The entire city plagued?
This thinking causes folks to say things like G!d sent a hurricane to punish homosexuals...
Lol, but left Hitler, Pol Pot, Mao, and Stalin run rampant and kill millions...or did the millions reap what they deserved?
I cannot abide by any belief that purposes anything similar to be true or justified...
I would not want to live in paradise forever with those that do.
I quite agree, I argue when people suggest any kind of 'just desserts' be it ensconced in scripture or the idea of karma.

There were strong links, in the Old Testament, regarding sin and suffering. The OT traces the development of doctrines in the face of changing times. Job is an extended meditation on how and why God might let bad things happen to good people. Conversely, wo/men of all times and all ages ask why the bad flourish and the good suffer.

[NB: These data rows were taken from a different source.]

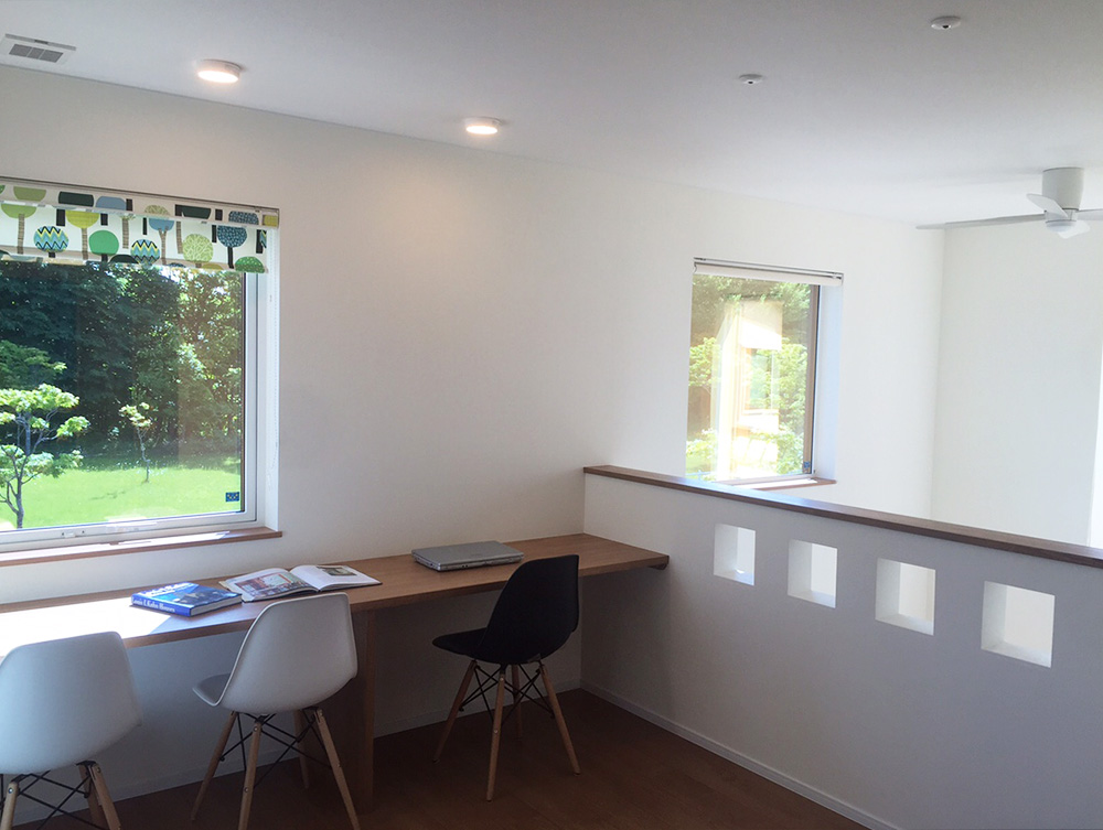 2階吹き抜け横にあるご主人や奥様の自分時間のスペースからも、青々とした緑地が眺められます
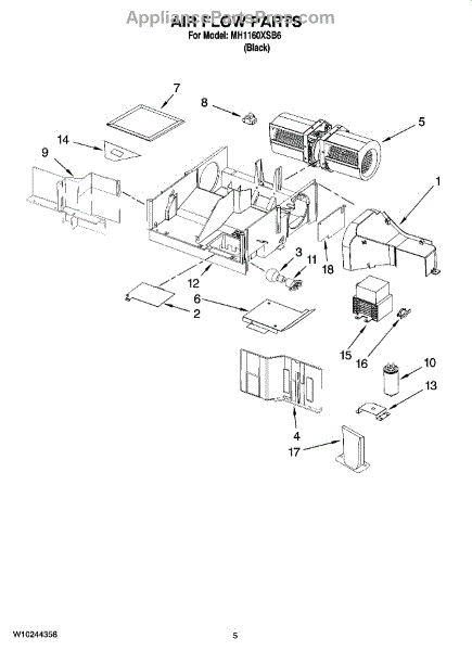 Parts for Whirlpool MH1160XSB6: 04 - Air Flow Parts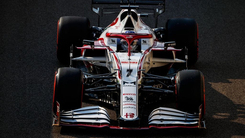 Alfa Romeon Kimi Räikkösen F1-uran viimeinen aika-ajo päättyi lyhyeen. Alfa Romeolla riitti vauhtia, mutta pieni luisu pilasi kaiken.
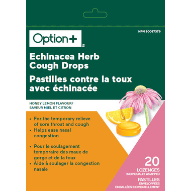 Option+ Echinacea Herb Cough Drops Honey Lemon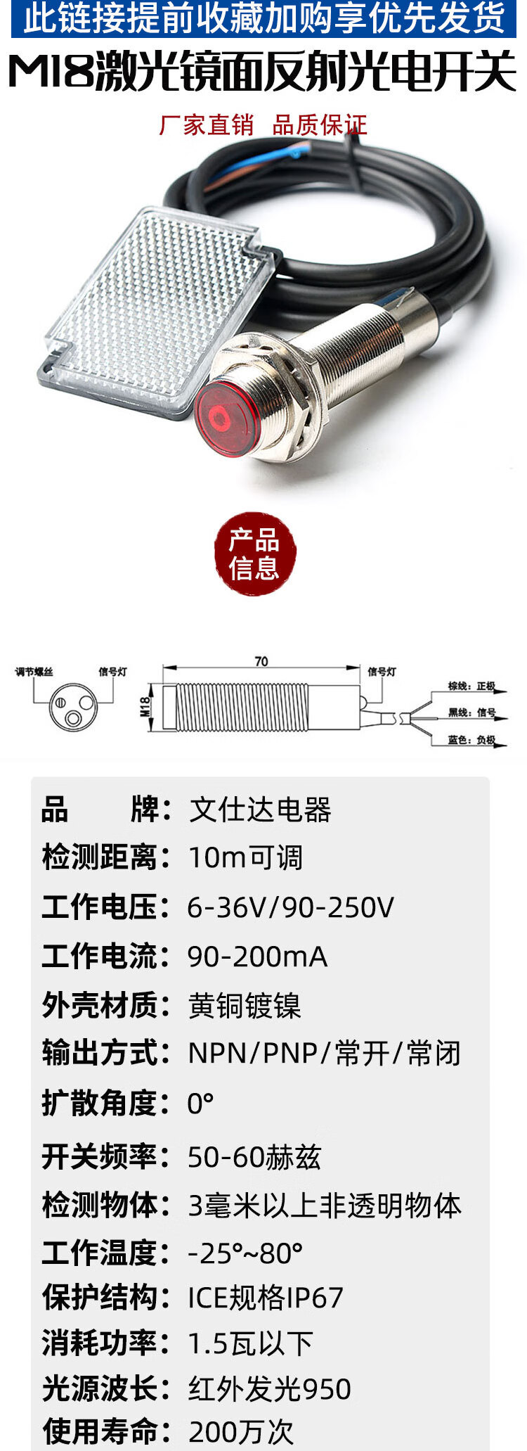 Laser mirror feedback reflective photoelectric switch long distance 15M three-wire NPN induction reflective sensor laser switch with reflective plate 10 meters three-wire PNP normally open 10-30V

In Luke 13:1-5, Jesus actually refutes the OT notion of something akin to karma. 'Good' men were slaughtered at prayer in the Temple by Pilate in an act of retribution; 'Bad' men, working on a building project for Pilate and funded by monies obtained by him by selling temple treasures, were killed when the tower they were building collapsed.

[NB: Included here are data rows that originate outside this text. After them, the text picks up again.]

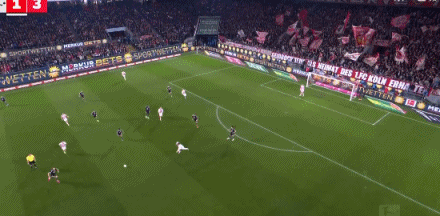第84分鐘,凱恩后場長傳,迪亞斯橫傳助攻卡爾低射破門!科隆1-3拜仁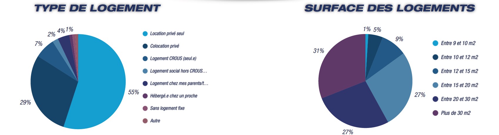 A cela s’ajoute la problématique des stages obligatoires, qui ne se déroulent pas forcément dans la même zone géographique que celle de l’école. Résultat : 40,6 % des étudiant·es sont obligé·es de payer 2 loyers durant ces périodes et 16,6 % ont connu un changement de logement en cours d’année en raison d’un stage.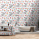 Mignonne souris mère avec bébés et fleurs papier peint de pépinière motif. Un joli motif d'une mignonne souris grise avec ses bébés et des fleurs de corail ornent ce design.

There's the usual Pharisaic legal trap being set here in the questioning, but as usual Jesus takes the debate above the level of common assumption. In neither case did these men die because they were sinners over and above other men — it was common to assume that goods and ills were distributed in some fashion by God 'as He wills', but that is not so ...
 
..it was common to assume that goods and ills were distributed in some fashion by God 'as He wills', but that is not so ...

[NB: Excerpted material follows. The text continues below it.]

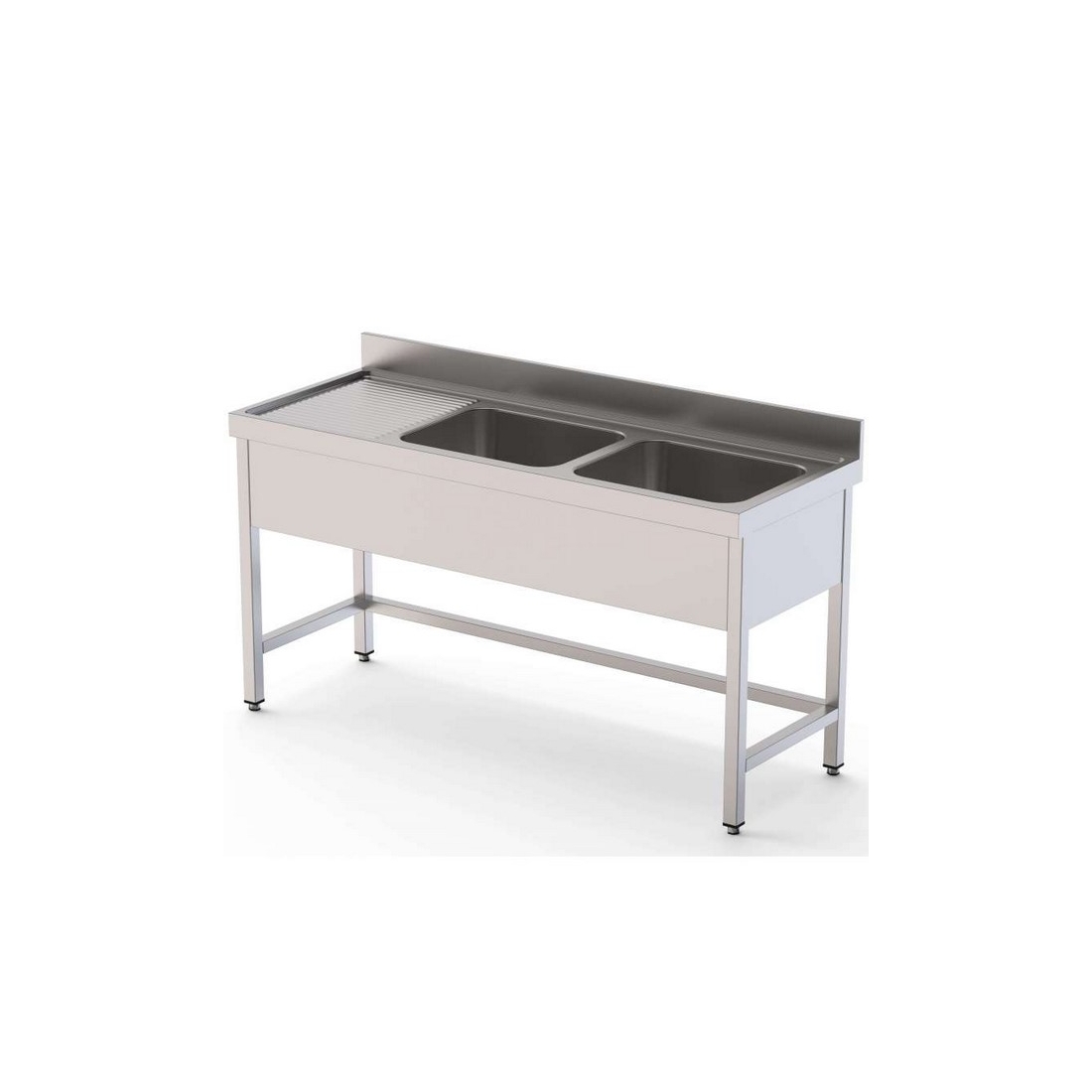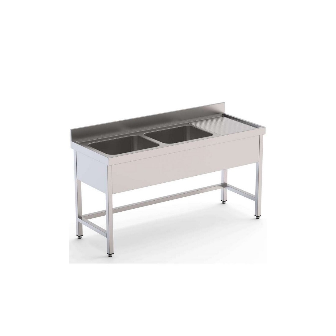 Fregadero industrial 140cm fondo 60 de Clima Hostelería, cuenta con escurridor, peto posterior trasero y tubos de las patas cuadrados, construido en acero inoxidable de alta calidad AISI-304. También realizamos modelos a medida, consúltanos.

It's difficult to pinpoint the complete nature of God.
We have been given some knowledge from scripture, and our conscience and intelligence,
but as we can only imagine 'where God is' or 'what God is', we can only compare Him to this physical existence,
which is very limited relatively speaking.

One thing I'm personally sure of, is that physical death is not final.
In turn, that means that 'goods & ills' can come in this life and/or the life hereafter.
We also have to remember that God can see all .. He is aware of every person's heart, and
who will be born tomorrow and who will die.
 
Our thoughts are prayers
And we are always praying
Our thoughts are prayers
Take charge of what you are saying
Seek a higher consciousness
A state of peacefulness
As every thought becomes a prayer.
Has God never answered your prayer? Or have you never prayed?
lol, as as Sunday school teacher, I'd ask the kid who said he prayed for a better family relationship what his thoughts were when his mother asked him to cleanup his room before he played with his friends, or when his dad while drinking beer and watching football told him to mow the lawn...

I'd ask if they thought G!d was able to hear all their thoughts, all their prayers, which thought was spirit acting on, how was the universe to know which was .most important, when we mostly curse and complain about the family...but only occasionally ask for good relationships.

So I'd say yes, no, and all the time to both a questions, but as usual using my definition of G!d, prayer, and answer....

G!d answers all prayers, ya gotta accept that sometimes the answer is no! (Or get off your ass and do it yourself, ie pray but move your feet) the ole teach a man to fish is involved here.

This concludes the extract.